Segment Start: Data

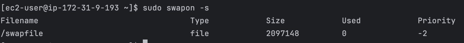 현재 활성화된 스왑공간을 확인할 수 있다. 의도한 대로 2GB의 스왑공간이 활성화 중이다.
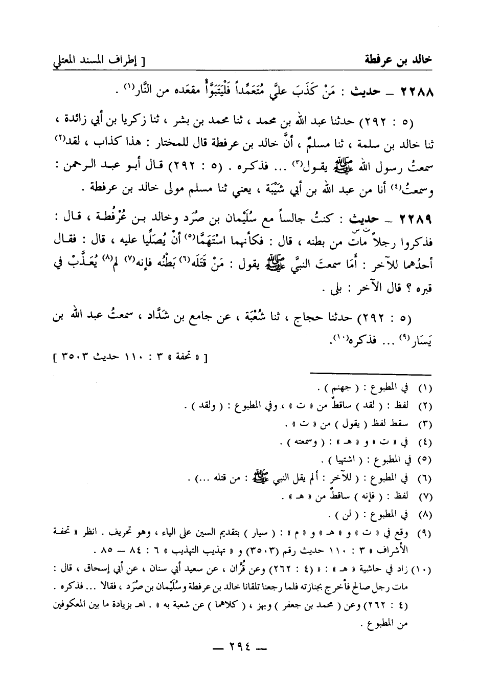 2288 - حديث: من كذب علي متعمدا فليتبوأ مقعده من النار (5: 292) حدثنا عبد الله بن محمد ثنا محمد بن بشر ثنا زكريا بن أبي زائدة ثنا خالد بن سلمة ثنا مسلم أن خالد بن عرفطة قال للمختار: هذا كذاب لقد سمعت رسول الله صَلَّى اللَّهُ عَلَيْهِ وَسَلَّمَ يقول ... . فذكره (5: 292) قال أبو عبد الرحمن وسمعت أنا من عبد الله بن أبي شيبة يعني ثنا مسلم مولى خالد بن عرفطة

Segment End: Data
Segment Start: Data

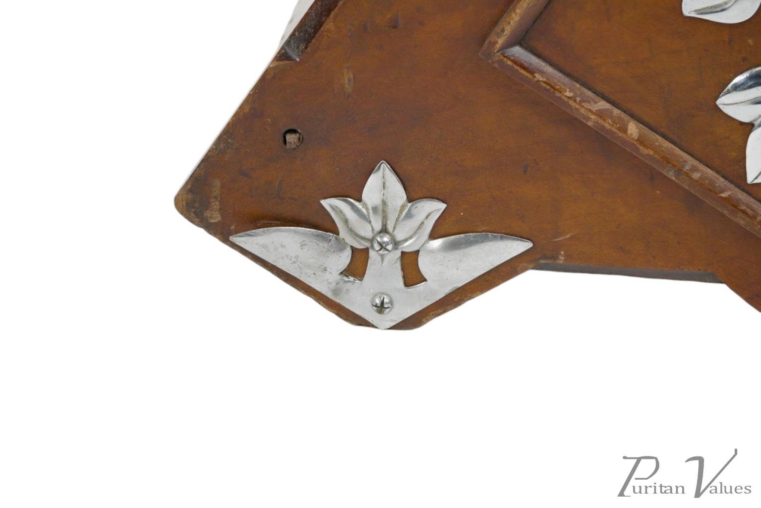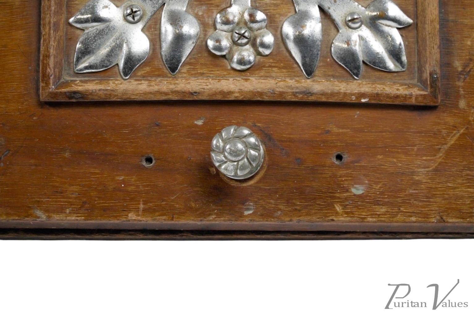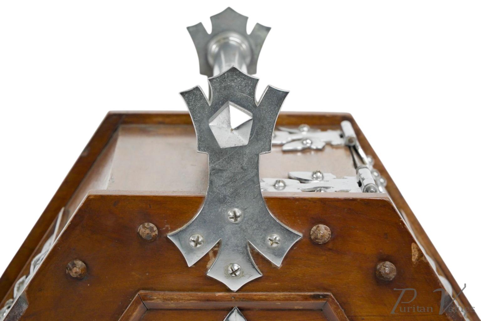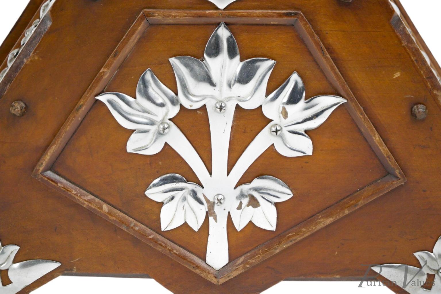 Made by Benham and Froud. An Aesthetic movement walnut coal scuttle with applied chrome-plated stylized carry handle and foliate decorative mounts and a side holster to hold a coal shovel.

Segment End: Data
Segment Start: Data

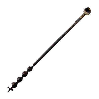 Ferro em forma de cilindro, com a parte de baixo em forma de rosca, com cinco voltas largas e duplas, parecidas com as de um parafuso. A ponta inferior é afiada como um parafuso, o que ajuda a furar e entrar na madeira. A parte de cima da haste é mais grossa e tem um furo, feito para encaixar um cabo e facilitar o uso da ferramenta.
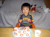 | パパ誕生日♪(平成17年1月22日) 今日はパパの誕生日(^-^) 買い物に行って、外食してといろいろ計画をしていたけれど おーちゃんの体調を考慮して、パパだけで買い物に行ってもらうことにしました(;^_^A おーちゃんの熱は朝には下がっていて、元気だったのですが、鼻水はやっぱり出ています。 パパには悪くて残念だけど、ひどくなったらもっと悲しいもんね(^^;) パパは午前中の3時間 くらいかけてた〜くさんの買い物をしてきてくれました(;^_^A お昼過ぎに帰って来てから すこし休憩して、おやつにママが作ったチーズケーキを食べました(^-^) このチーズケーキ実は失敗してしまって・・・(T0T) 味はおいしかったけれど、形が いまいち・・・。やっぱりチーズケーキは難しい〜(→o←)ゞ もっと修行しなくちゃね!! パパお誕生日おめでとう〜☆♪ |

Segment End: Data

→ Task:
In the data above, the stretch from the line with "현재 활성화된 스왑공간을" through the line with "2288 - حديث: من" is to be returned exactly, minus any pictures.

→ Answer section:
 현재 활성화된 스왑공간을 확인할 수 있다. 의도한 대로 2GB의 스왑공간이 활성화 중이다.
 2288 - حديث: من كذب علي متعمدا فليتبوأ مقعده من النار (5: 292) حدثنا عبد الله بن محمد ثنا محمد بن بشر ثنا زكريا بن أبي زائدة ثنا خالد بن سلمة ثنا مسلم أن خالد بن عرفطة قال للمختار: هذا كذاب لقد سمعت رسول الله صَلَّى اللَّهُ عَلَيْهِ وَسَلَّمَ يقول ... . فذكره (5: 292) قال أبو عبد الرحمن وسمعت أنا من عبد الله بن أبي شيبة يعني ثنا مسلم مولى خالد بن عرفطة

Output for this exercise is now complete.